In the confusion and trauma which followed the catastrophe of Flodden, the newly founded print-ing trade suffered with the rest of the country. Royal patronage was brought to an end and, after the death of Andro Myllar c.1511, no printer of note appeared in Edinburgh until the advent of Thomas Davidson in the late 1520’s. Davidson was the first printer in Scotland to use Roman type in Strena, a poem written c.1528 to celebrate the accession of King James V. and he was also commissioned to print the Acts of Parliament in 1541.

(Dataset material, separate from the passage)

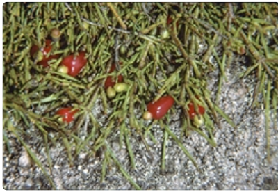
Fruiting branches.

The years leading up to and including the Reformation saw a dramatic increase in the number of printers and printing material fuelled by the gathering storm of debate, argument and denunciation. The degree of confusion arising from these years of secular and religious intrigue and division can be gauged by the fact that it was felt necessary in 1552 to enact a law ‘anent prentaris’ which attempted to regulate the printing of all material by making it necessary to gain the approval of ‘sum wyse and discreit persounis depute thairto be the ordinaris quhatsumever’ to guarantee the orthodoxy of the particular work Failure to do so could lead to the seizure of goods and banishment. Although these were dangerous times, a printer could, with sufficient nerve and circumspection, turn the situation to advantage. John Scot was one such. In 1552 he printed the Catechism of Archbishop Hamilton, and in 1553 the Acts of Parliament. Immediately after the Reformation he printed the Reformers’ Confession of Faith but, perhaps inevitably, became unstuck when, in 1562, he was arrested by the magistrates of Edinburgh for printing the work of a Catholic priest. He did not print again until 1568.